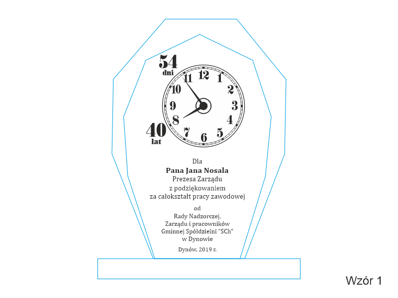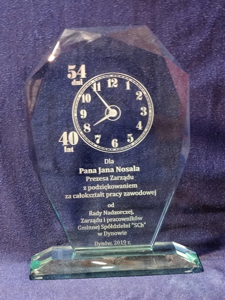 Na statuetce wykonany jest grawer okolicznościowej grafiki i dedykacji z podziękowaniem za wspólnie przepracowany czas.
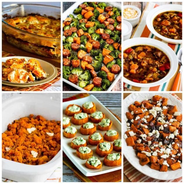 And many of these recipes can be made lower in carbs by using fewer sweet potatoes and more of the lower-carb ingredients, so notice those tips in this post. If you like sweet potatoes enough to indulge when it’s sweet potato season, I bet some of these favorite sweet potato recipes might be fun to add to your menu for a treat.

--

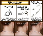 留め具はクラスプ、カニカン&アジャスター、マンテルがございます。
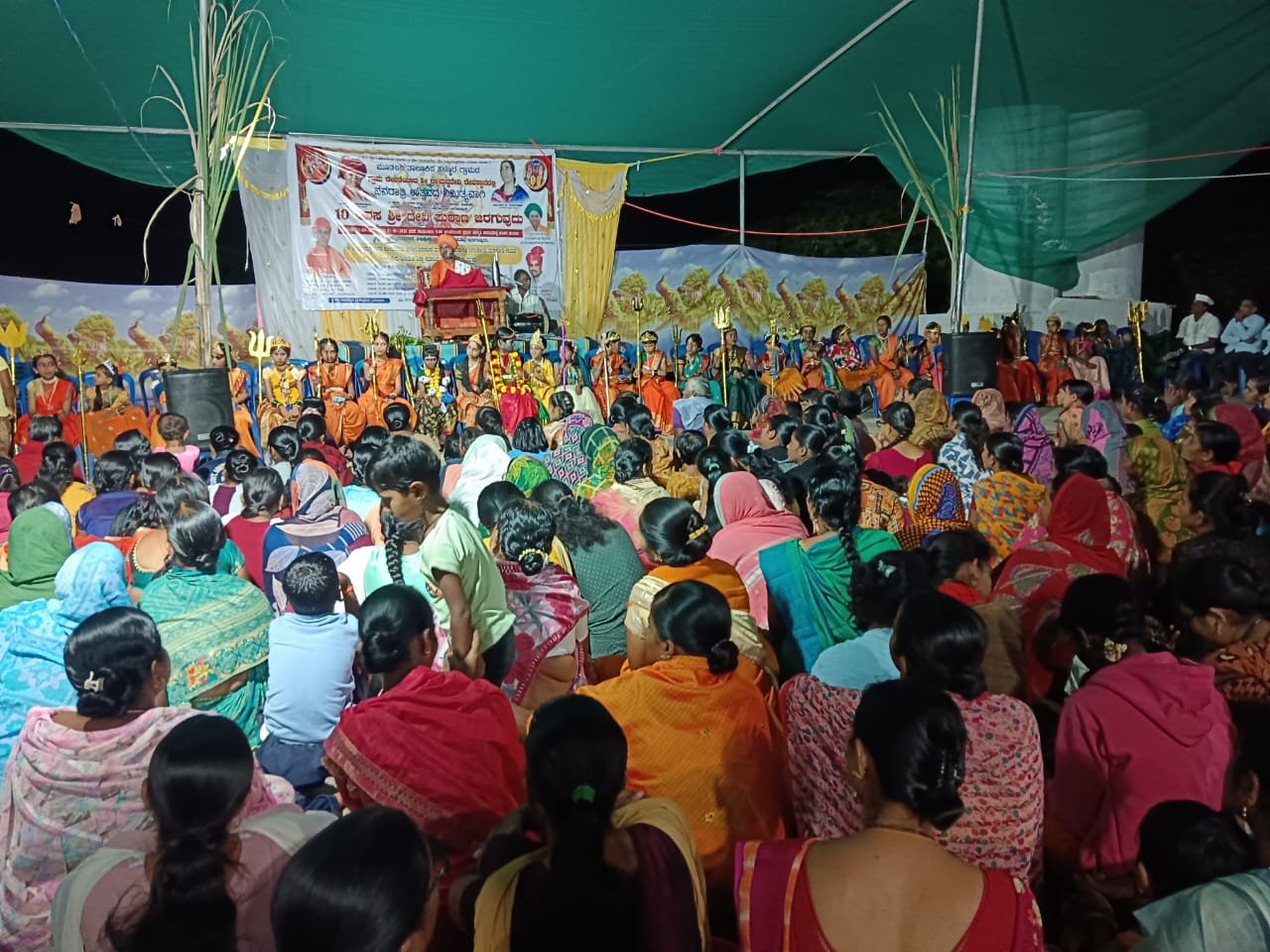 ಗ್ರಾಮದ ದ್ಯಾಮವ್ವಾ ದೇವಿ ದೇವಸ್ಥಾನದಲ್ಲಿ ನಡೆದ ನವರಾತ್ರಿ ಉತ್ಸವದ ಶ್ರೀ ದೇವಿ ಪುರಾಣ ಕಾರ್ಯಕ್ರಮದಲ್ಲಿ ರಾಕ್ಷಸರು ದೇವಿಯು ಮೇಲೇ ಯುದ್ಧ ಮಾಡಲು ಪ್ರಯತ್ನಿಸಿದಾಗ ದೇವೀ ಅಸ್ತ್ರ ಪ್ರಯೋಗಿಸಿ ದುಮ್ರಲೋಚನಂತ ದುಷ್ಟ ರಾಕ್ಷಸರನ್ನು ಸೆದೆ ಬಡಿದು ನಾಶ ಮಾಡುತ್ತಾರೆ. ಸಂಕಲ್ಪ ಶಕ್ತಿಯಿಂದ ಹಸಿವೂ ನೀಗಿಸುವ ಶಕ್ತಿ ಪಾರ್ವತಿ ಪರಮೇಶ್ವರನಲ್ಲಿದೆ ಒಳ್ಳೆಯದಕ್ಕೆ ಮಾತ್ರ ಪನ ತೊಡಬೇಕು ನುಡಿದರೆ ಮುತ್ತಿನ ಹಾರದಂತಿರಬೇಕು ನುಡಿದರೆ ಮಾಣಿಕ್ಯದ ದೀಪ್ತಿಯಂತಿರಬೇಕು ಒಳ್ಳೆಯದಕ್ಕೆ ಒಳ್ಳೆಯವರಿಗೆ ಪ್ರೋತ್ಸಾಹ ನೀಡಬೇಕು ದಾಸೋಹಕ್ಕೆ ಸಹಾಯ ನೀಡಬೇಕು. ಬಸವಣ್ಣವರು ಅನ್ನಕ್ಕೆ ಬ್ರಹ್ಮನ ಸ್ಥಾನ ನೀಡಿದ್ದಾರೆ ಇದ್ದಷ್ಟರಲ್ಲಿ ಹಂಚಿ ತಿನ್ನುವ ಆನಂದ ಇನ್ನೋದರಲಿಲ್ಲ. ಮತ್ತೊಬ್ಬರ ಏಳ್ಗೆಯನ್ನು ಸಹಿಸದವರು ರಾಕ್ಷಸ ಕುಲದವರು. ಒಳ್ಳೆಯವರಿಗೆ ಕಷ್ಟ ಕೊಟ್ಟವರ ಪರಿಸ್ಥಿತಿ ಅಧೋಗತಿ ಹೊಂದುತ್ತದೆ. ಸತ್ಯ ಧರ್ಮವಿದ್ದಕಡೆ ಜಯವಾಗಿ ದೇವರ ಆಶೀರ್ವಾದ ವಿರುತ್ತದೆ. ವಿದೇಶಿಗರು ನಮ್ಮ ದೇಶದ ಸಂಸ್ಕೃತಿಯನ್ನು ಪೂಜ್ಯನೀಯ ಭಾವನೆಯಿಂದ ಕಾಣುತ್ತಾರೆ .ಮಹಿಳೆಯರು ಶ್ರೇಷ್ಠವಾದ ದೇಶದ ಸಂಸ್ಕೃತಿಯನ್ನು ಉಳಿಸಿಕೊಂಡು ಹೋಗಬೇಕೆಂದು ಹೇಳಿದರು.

■ Your assignment: From the line containing "Na statuetce wykonany" through the line containing "And many of", copy every line above exactly, without pictures.

■ Exercise solution:
 Na statuetce wykonany jest grawer okolicznościowej grafiki i dedykacji z podziękowaniem za wspólnie przepracowany czas.
 And many of these recipes can be made lower in carbs by using fewer sweet potatoes and more of the lower-carb ingredients, so notice those tips in this post. If you like sweet potatoes enough to indulge when it’s sweet potato season, I bet some of these favorite sweet potato recipes might be fun to add to your menu for a treat.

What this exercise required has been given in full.